Guidelines for Partners

JSON in Business Central is one of the most commonly used approaches for integrations, REST APIs, imports, exports, and data migrations. Understanding how JsonObject, JsonArray, JsonToken, and JsonValue work in AL helps developers build reliable and reusable data exchange solutions across modern Business Central environments.

1. What are JSONs and Why It Matters in Business Central

JSON (JavaScript Object Notation) is the standard format for data exchange in modern business systems. It is simple, lightweight, and requires no special software to work with, making it the preferred format for integrations, simple data migrations, and system-to-system communication. 

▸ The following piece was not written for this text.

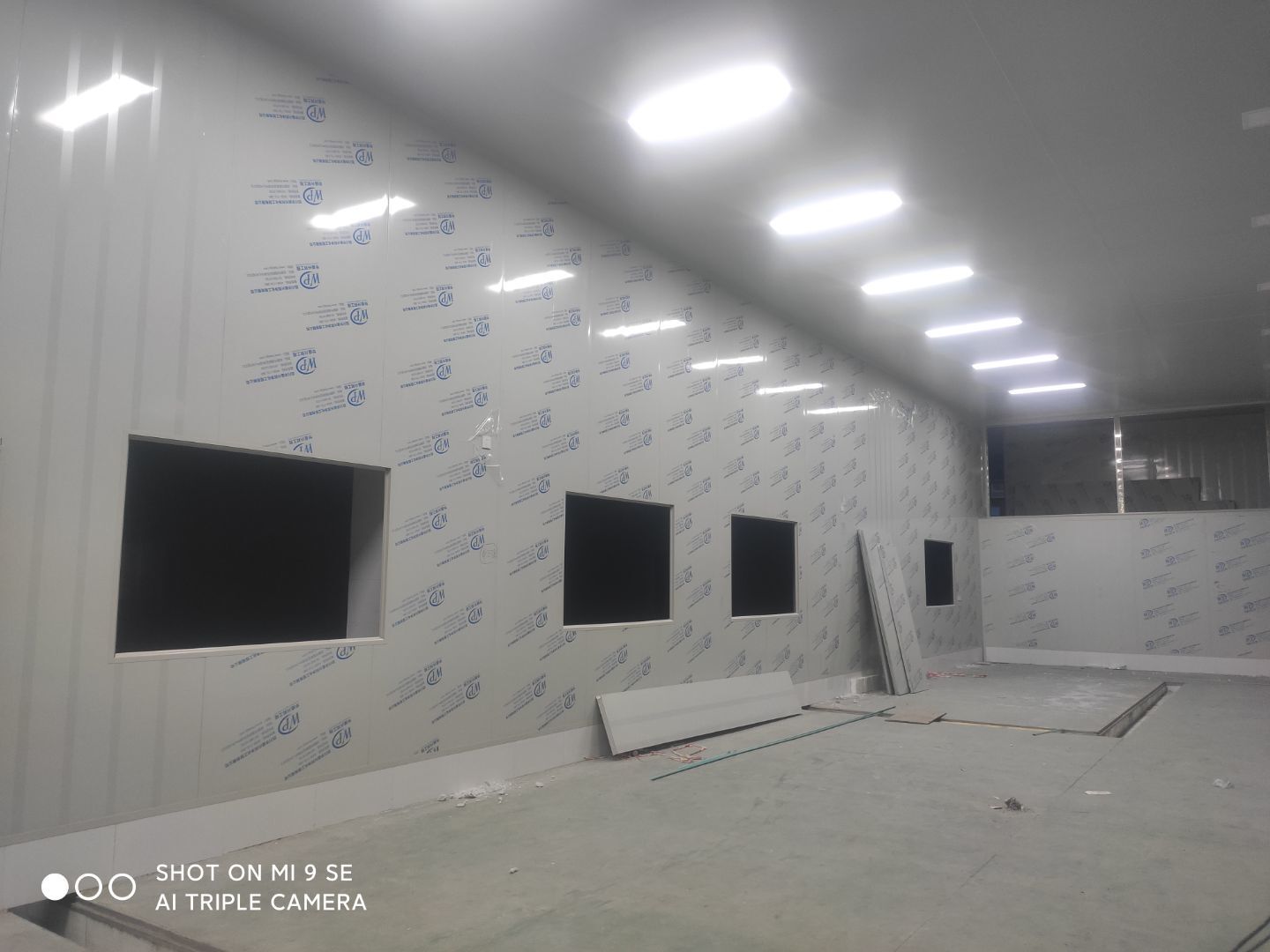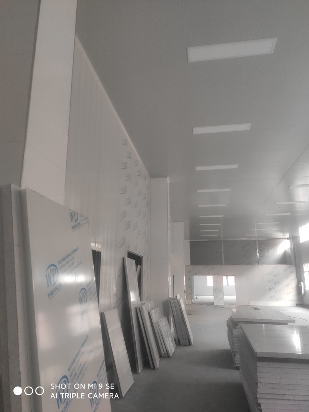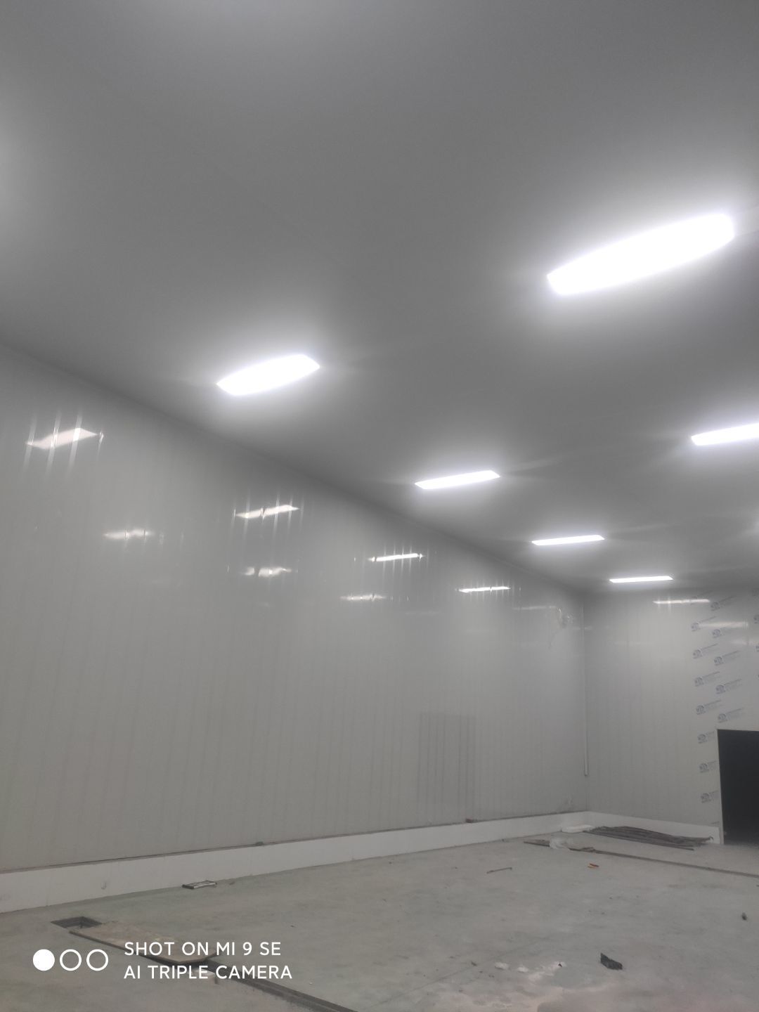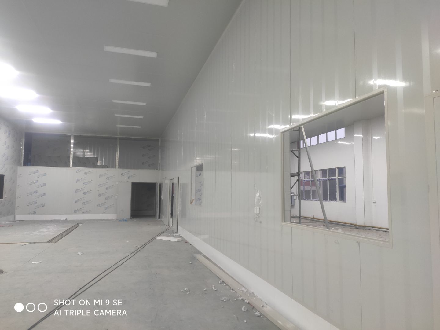 中央廚房車間燈安裝完成 米面車間立板完成 凍庫線路安裝完成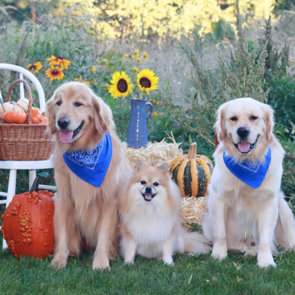 An account documenting the glorious lives of Golden Retrievers Finn, Teddy ,and their Pomeranian sibling Lina.

1.1. When to Use JSONs in Business Central

Any time you need to move structured data between Business Central and another system, JSON is likely involved. Understanding how to read, create, and work with JSON makes you more competent for simple data exchange tasks. Some scenarios where JSON is useful and practical in Business Central: 

  • Data imports from external sources. Customer data, product information, or transaction details in a file, when gotten from external sources, is often in JSON format. 
  • Data exports to third-party systems. When sending Business Central data to logistics companies, payment processors, or analytics tools, JSON is the format those platforms expect. Anywhere, where the structured data needs to leave Business Central cleanly: Power Automate workflows, exports to Excel or Power BI, and other custom applications. 
  • REST API integrations. When connecting Business Central to cloud services, payment gateways, or other modern APIs, the system sends and receives JSON-formatted requests and responses. 
  • Data migrations. When upgrading Business Central versions or consolidating multiple instances, JSON files can be used to transfer data between systems. However, if the record count, which needs to be moved, is above one thousand – it is recommended to use another way to migrate, because JSONs take a lot of time. 

 

1.2. Understanding JSON Data Types in AL

When you work with JSON in Business Central, you will encounter four main data types in the AL language. These types represent different structures within JSON and understanding them makes it much easier to read, create, and manipulate the data. 

  • JsonObject 

A JsonObject represents a collection of labeled data – what you might think of as a single record. Each piece of information has a name (field) and a value. If you imagine a customer record with a name, city, and payment status, that would be a JsonObject.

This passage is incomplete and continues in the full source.